What the cylinder demonstrates is that Iran was a land of religious tolerance and that it enlightened the rulers 2,500 years ago. The British Museum included it in a popular 2005 exhibit, âForgotten Empire,â which also aimed to open Western minds to the country’s ancient culture and history.
This exhibition received a very large loan from the National Museum of Iran: a silver tablet documenting the founding of Persepolis, the capital of the Persian Empire. The tablet traveled to London “in the face of quite extensive press comments and complaints that the British could not be trusted to return them,” said Neil MacGregor, director of the British Museum at the time. In return, Iran asked to borrow the Cyrus cylinder, which visited Iran in 2010, as London feared it would never return. (These fears were unfounded: the priceless item was returned.)
In addition to artefacts from Iran’s past, two âEpic Iranâ rooms on modern and contemporary art show that Iranians were active participants in twentieth century art movements and today produce photographs, paintings and paintings. state-of-the-art facilities.
The high rate of female artists exhibited – including photographers Shadi Ghadirian and Shirin Aliabadi – demonstrate that Iranian women have transcended gender inequality and restrictions such as the compulsory veil to produce and display their work.
This last part of the exhibition – produced by associate curator Ina Sarikhani Sandmann, whose family has lent a lot to the exhibition – also coincides with the most recent period of Iranian history, a period of revolution and further divisions. raw. The wall texts seem to reflect these tensions.
They refer to “the authoritarian rule of the monarchy, its ties to economically exploitative Western powers, and its self-aggrandizing attempts to channel Iran’s pre-Islamic past”, which incited dissent and led to the revolution. Post-revolutionary Iran, meanwhile, is described as being “isolated” and trying to open up to the rest of the world “despite strict domestic policies and international economic sanctions.”
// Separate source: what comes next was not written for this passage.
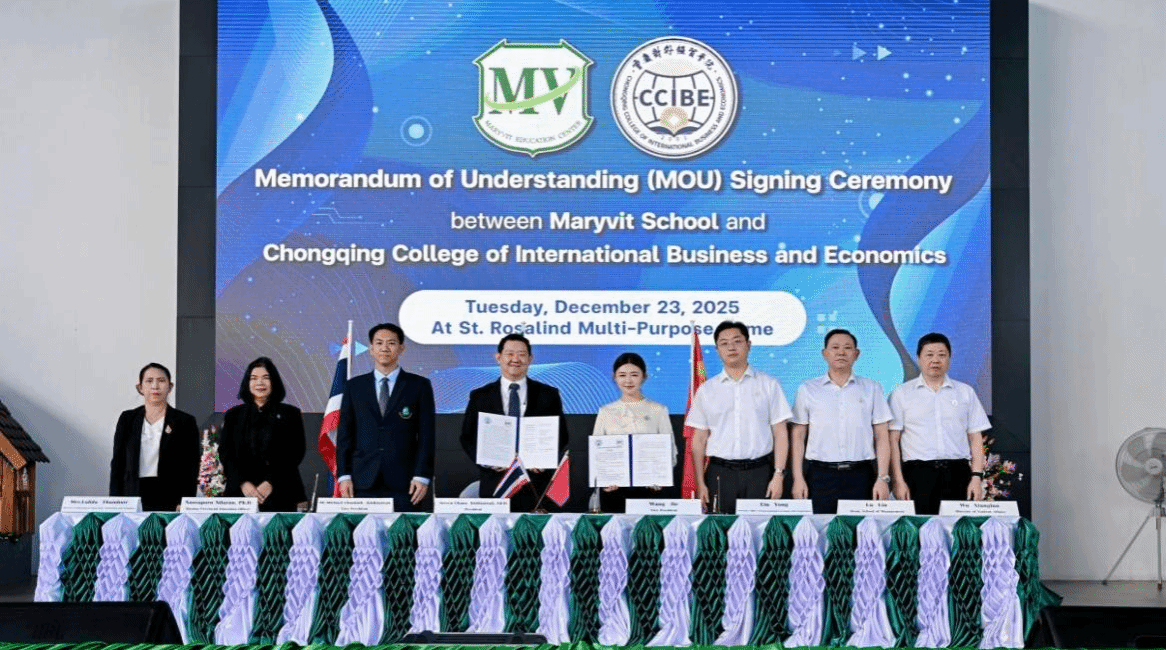 【本网讯】2025年12月23日,重庆对外经贸学院副校长王婕率团访问泰国玛丽薇学校,开展教育合作与文化交流活动。77779193永利集团副院长陈寿琴教授、教研室主任孟宪丛副教授及汉语国际教育专业学生代表甘雨洁、李恩慧随行。此次活动既是两校自2012年以来持续合作的生动延续,更为双方未来协作注入了新的活力。

âThe choice of words in reference to the Islamic Republic is very careful,â said Mina, the academic. He said it was probably out of a desire not to âendangerâ the Iranian artists on the show. As a general rule, painters, photographers, filmmakers and sculptors in general were to be “loyal, conformist, or at least not challenge” the government to continue their artistic practice, he said.
Despite the setbacks of the loan, Hunt, the director of V&A, said he hoped the show would pave the way for collaborations: the show was always designed as a two-way exchange, he said.
“It would always be nice to have a relationship with Tehran, which we would like to build on in the future,” he added.